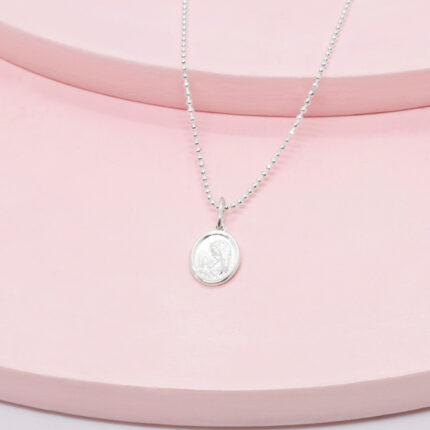 Chocker de 40cm. con bolitas y dije del Ángel de la guarda en circulo con relieve. Simboliza protección, guía y cuidado espiritual. Recordatorio constante de que siempre están acompañados y protegidos.
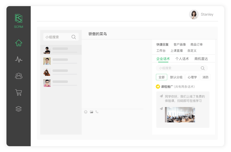 这里可以提前预设几个话术模板,如果是线上交流的话,可以提前将相关话术复制到话术模板之中,从而提高销售人员的工作效率。
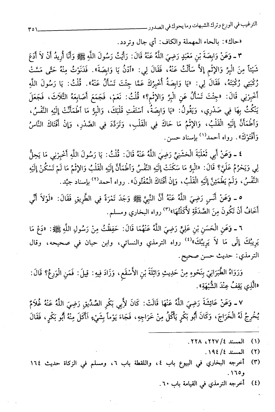 قلت يَا رَسُول الله أَخْبرنِي قَالَ جِئْت تسْأَل عَن الْبر وَالْإِثْم قلت نعم فَجمع أَصَابِعه الثَّلَاث فَجعل ينكت بهَا فِي صَدْرِي وَيَقُول يَا وابصة استفت قَلْبك وَالْبر مَا اطمأنت إِلَيْهِ النَّفس وَاطْمَأَنَّ إِلَيْهِ الْقلب وَالْإِثْم مَا حاك فِي الْقلب وَتردد فِي الصَّدْر وَإِن أَفْتَاك النَّاس وأفتوك

### PROBLEM TO SOLVE
Please give back exactly, and with no pictures, the lines from where the listing above begins through the line containing "这里可以提前预设几个话术模板".

### TASK SOLUTION
 Chocker de 40cm. con bolitas y dije del Ángel de la guarda en circulo con relieve. Simboliza protección, guía y cuidado espiritual. Recordatorio constante de que siempre están acompañados y protegidos.
 这里可以提前预设几个话术模板,如果是线上交流的话,可以提前将相关话术复制到话术模板之中,从而提高销售人员的工作效率。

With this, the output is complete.